**PROBLEM REQUIREMENTS**: Please write out every line of the listing without alteration, but omit the images.

**DATA BLOCK**:
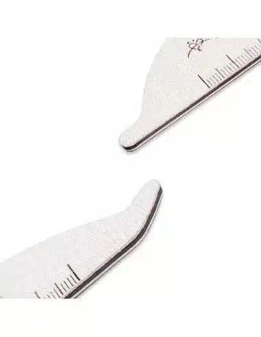 Met liniaalverdeling aan de rechte zijde, zodat je de lengte of breedte kunt meten van de nagels die je vijlt.
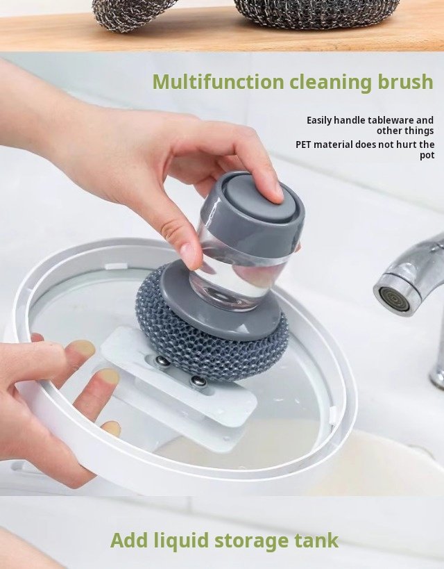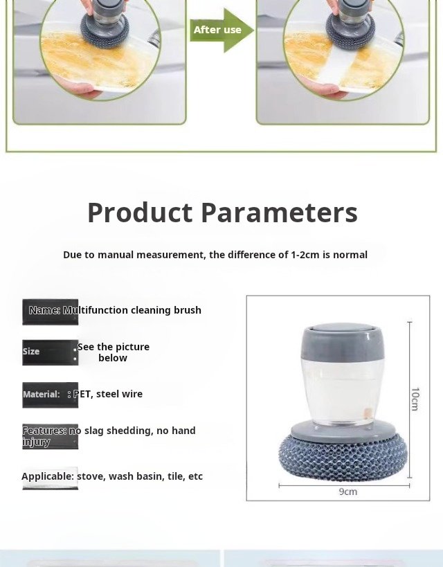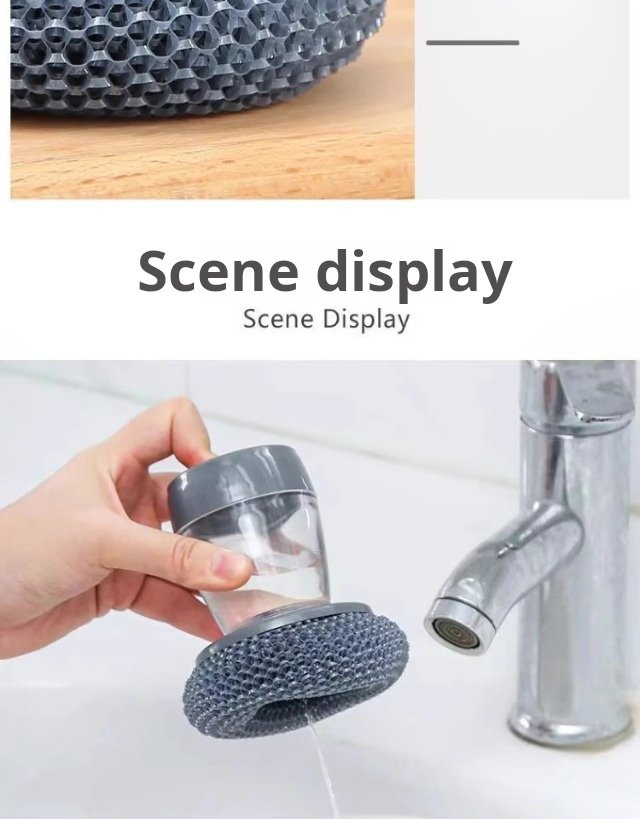 It is very easy to use. You don’t need to get your hands wet. It is better than steel wool. But when you wash the pot, don’t squeeze the water into the place where you squeeze the detergent, otherwise you can’t fill it with water.
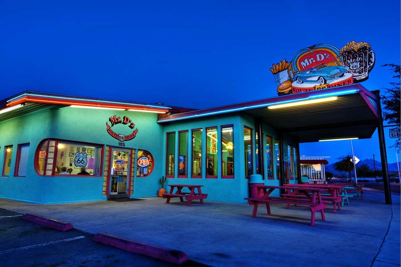Hoy llegamos a California, el último estado de nuestra legendaria Ruta 66. Cruzamos la zona de Devil y nos dirigimos a lo largo del desierto de Mojave, que ofrece el escenario más dramático de California... balanceándonos a través de una vegetación exuberante, asombrosas formaciones volcánicas, largas hileras de árboles Joshua e incluso en algunos sitios, bosques de pinos. Del desierto pasamos directamente hacia los fríos pinares de las montañas de San Gabriel y llegamos a Victorville, donde pasaremos la noche.
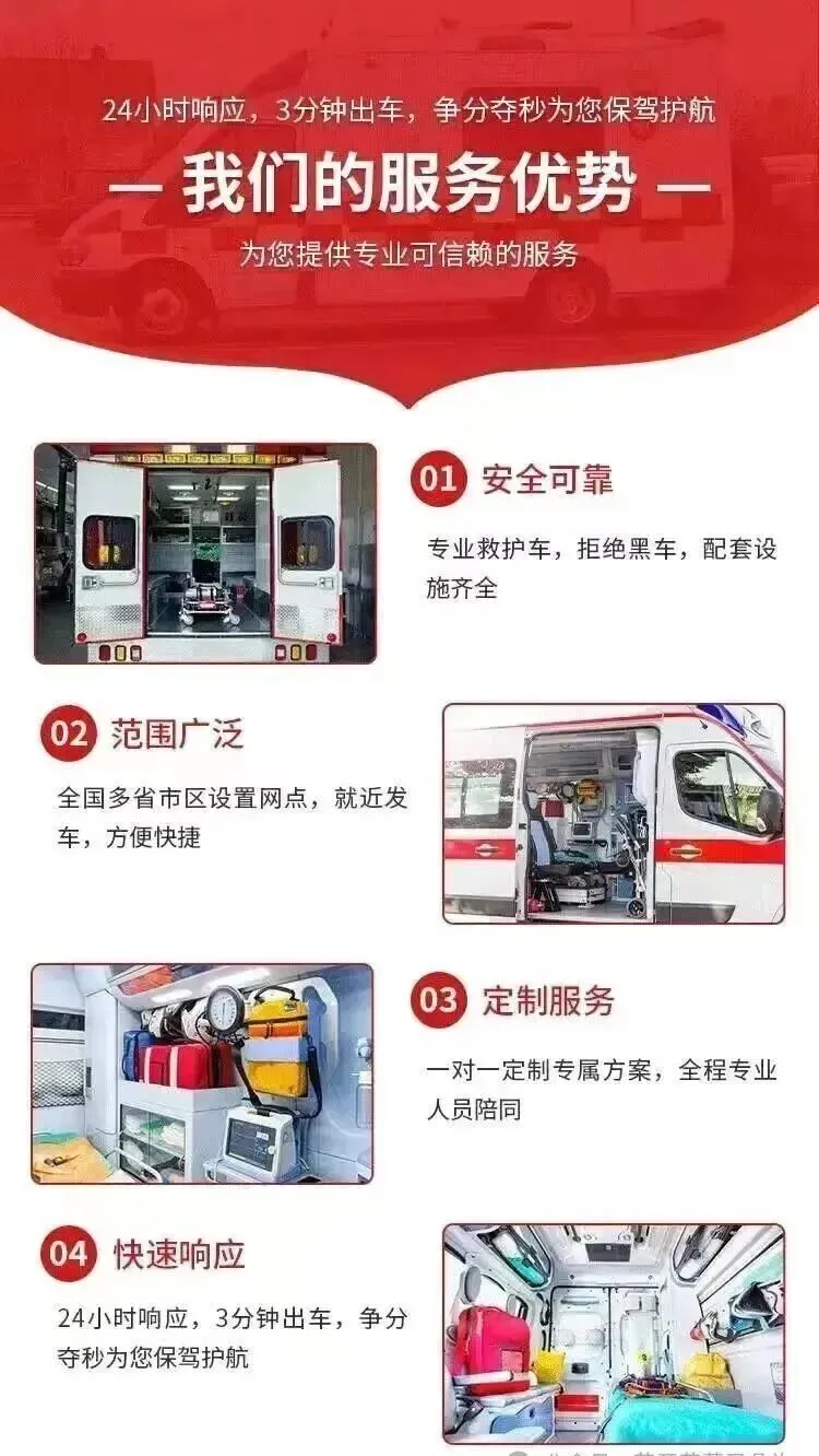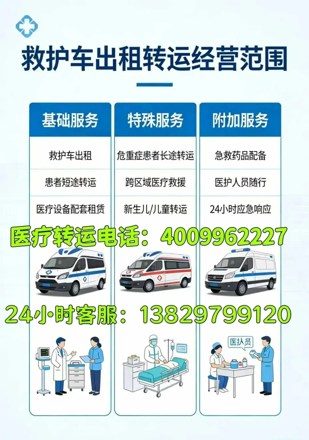 我们提供非急救120非急救转运病人, 救护车转运’长途跨省转运病人新生儿、骨折、重症、危重症患者,行动不便者复查,转院、遗体转诊、跨省回家,遗体运送返乡、我们都能专业承接。

**RESPONSE AREA**:
 Met liniaalverdeling aan de rechte zijde, zodat je de lengte of breedte kunt meten van de nagels die je vijlt.
 It is very easy to use. You don’t need to get your hands wet. It is better than steel wool. But when you wash the pot, don’t squeeze the water into the place where you squeeze the detergent, otherwise you can’t fill it with water.
Hoy llegamos a California, el último estado de nuestra legendaria Ruta 66. Cruzamos la zona de Devil y nos dirigimos a lo largo del desierto de Mojave, que ofrece el escenario más dramático de California... balanceándonos a través de una vegetación exuberante, asombrosas formaciones volcánicas, largas hileras de árboles Joshua e incluso en algunos sitios, bosques de pinos. Del desierto pasamos directamente hacia los fríos pinares de las montañas de San Gabriel y llegamos a Victorville, donde pasaremos la noche.
 我们提供非急救120非急救转运病人, 救护车转运’长途跨省转运病人新生儿、骨折、重症、危重症患者,行动不便者复查,转院、遗体转诊、跨省回家,遗体运送返乡、我们都能专业承接。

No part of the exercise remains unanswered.